When does the choice of prior matter?

When data is large, posterior tends to be less sensitive to specification of the prior
- Will discuss theoretical reason for this soon: Bernstein von-Mises theorem
- Not always true (e.g. weakly identifiable model)
When data is small, posterior tends to be more sensitive to specification of the prior
- Extreme example: for a maiden flight, what will the posterior look like?

Strategies for constructing priors

“Informative priors”: use expert knowledge
- e.g.: when we build rockets, there is a lot of quality control, so it would be surprising to see very high values for the parameter failureProbability
- bag of trick (Robert, Sections 3.1-3.3), will go over some techniques later, but none are completely satisfactory
“Non-informative priors”: use properties of the likelihood to determine prior (Robert, Sections 3.5)
- not automated, case-by-case mathematical derivation often intractable
- room for an ambitious project here potentially
Today: side-step these issues thanks to Hierarchical models
- We will not remove the need for prior choice, instead we will decrease sensitivity of the posterior to these choices

Hierarchical models

Key idea: use “side data”" to inform the prior

For example: success/fail launch data from other other types of rockets
Can we use the full rocket launch data provided to inform prediction for a single rocket type of interest?

data <- read.csv("failure_counts.csv")
data %>% 
  head() %>% 
  knitr::kable(floating.environment="sidewaystable")

LV.Type	numberOfLaunches	numberOfFailures
Aerobee	1	0
Angara A5	1	0
Antares 110	2	0
Antares 120	2	0
Antares 130	1	1
Antares 230	1	0

How to (badly) use side data

First try

Merge all the data?
I.e. just sum the columns in the data
Why is this bad?

LV.Type	numberOfLaunches	numberOfFailures
Aerobee	1	0
Angara A5	1	0
Antares 110	2	0
Antares 120	2	0
Antares 130	1	1
Antares 230	1	0

Why it is bad

Consider: adding to the dataset one more rocket type, launched successfully 10,000 times…
Is there a better way?

Towards an improved way to use side data

Background: “mean-pseudo-sample-size” reparameterization of the Beta distribution
- A reparametrization is a different labelling of a family such that you can go back and forth between the two labellings
- Consider \[\alpha = \mu s, \;\; \beta = (1 - \mu) s\] where \(\mu \in (0, 1)\), \(s > 0\).
Interpretation:
- \(\mu\): mean of the Beta
- \(s\): measure of “peakiness” of the density, higher \(s\) corresponds to more peaked; roughly, \(s \sim\) number of data points that would make the posterior peaked like that.
Why we did this reparameterization?
- Now it should be more intuitive how we could go about using side data to inform at least \(\mu\)
- Ideas?

An improved way to use side data (not quite full Bayesian yet!)

Estimate \(p_i\) for each type of rocket
Fit a distribution
Use this distribution as the prior on \(\mu\)
Weakness?

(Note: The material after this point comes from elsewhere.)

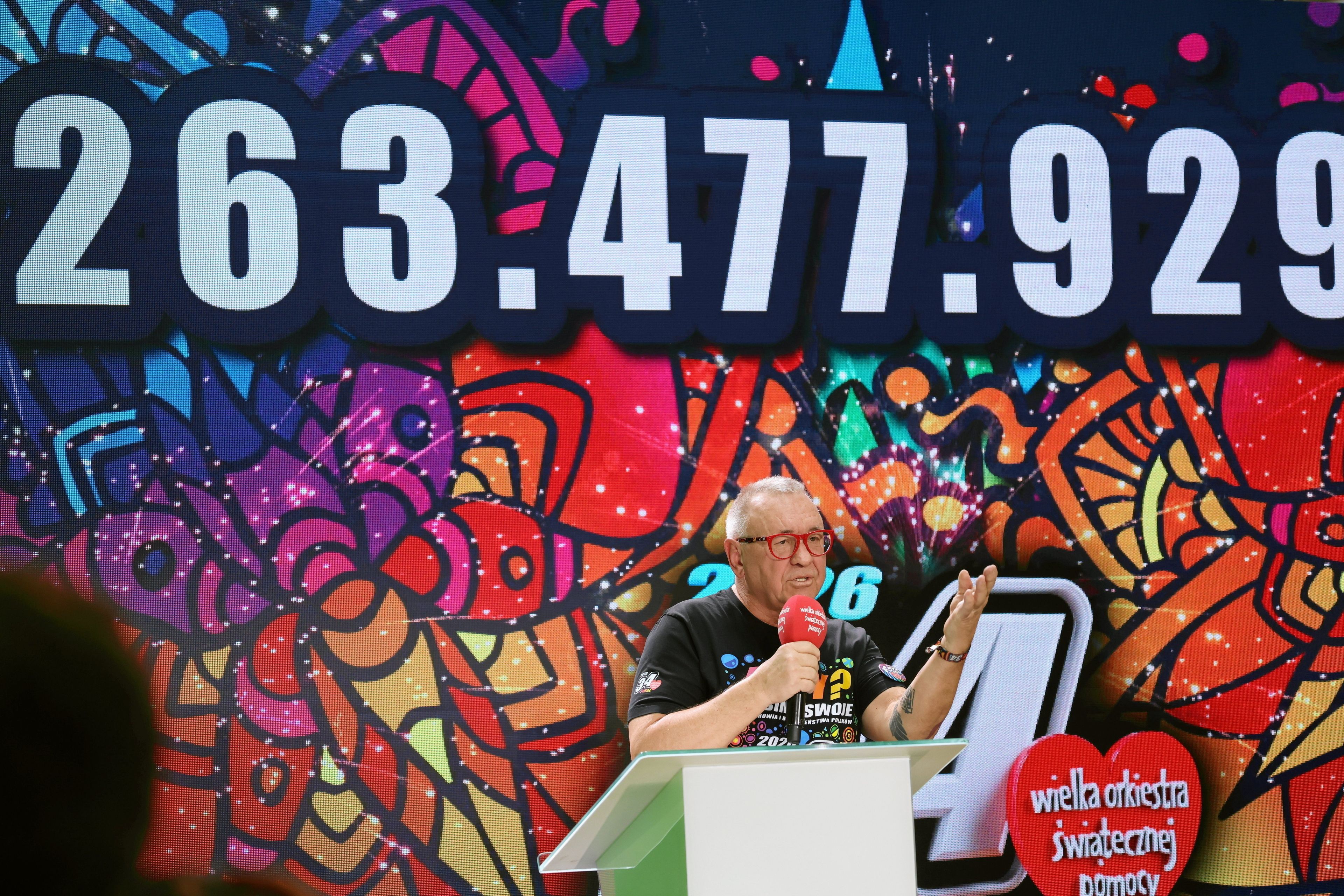 Jerzy Owsiak ogłosił w poniedziałek, że Wielkiej Orkiestrze Świątecznej Pomocy udało się w tym roku zebrać ponad 263 mln 477 tys. zł.
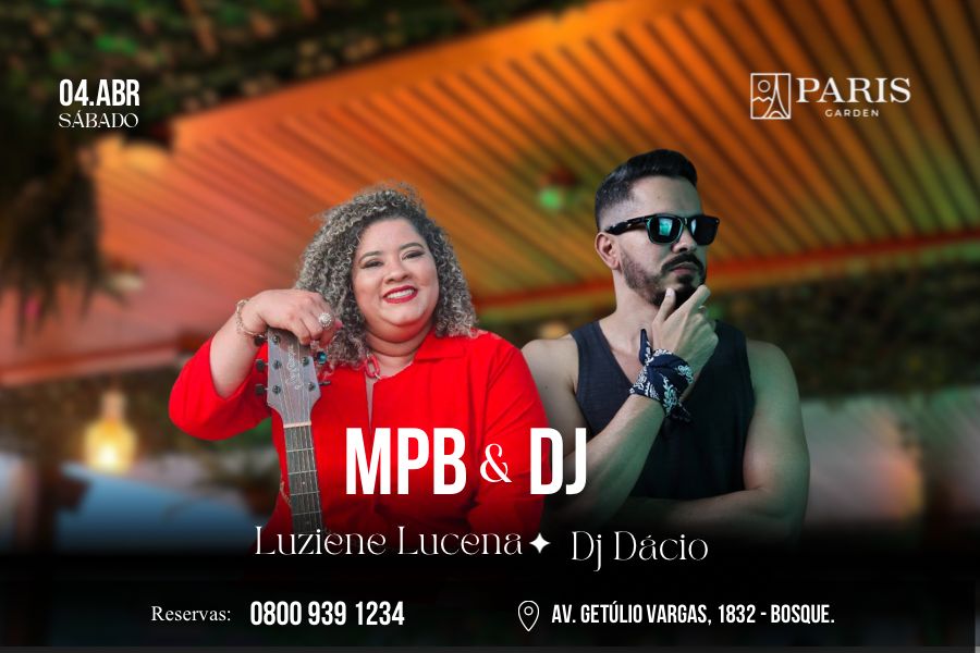Quem ainda não decidiu o que fazer neste sábado (4) já tem um destino certo: o Paris Garden, em Rio Branco, recebe a cantora Luziene Lucena e o DJ Dácio para uma noite que promete unir o melhor da MPB com música eletrônica, em um ambiente conhecido por reunir público diverso e animado.

Hint: what are the bumps at 1/2 and 1?
Also: less clear how to do this with the pseudo-sample-size \(s\)

counts <- read.csv("failure_counts.csv")
ggplot(counts, aes(x = numberOfFailures / numberOfLaunches)) +
  geom_histogram()

Solution: go fully Bayesian

Recall:

Construct a probability model including
- random variables for what we will measure/observe
- random variables for the unknown quantities
  - those we are interested in (“parameters”, “predictions”)
  - others that just help us formulate the problem (“nuisance”, “random effects”).
Compute the posterior distribution conditionally on the actual data at hand
Use the posterior distribution to:
- make prediction (point estimate)
- estimate uncertainty (credible intervals)
- make a decision

drawing

In our case: just make \(\mu\) and \(s\) random! (or equivalently, \(\alpha\) and \(\beta\))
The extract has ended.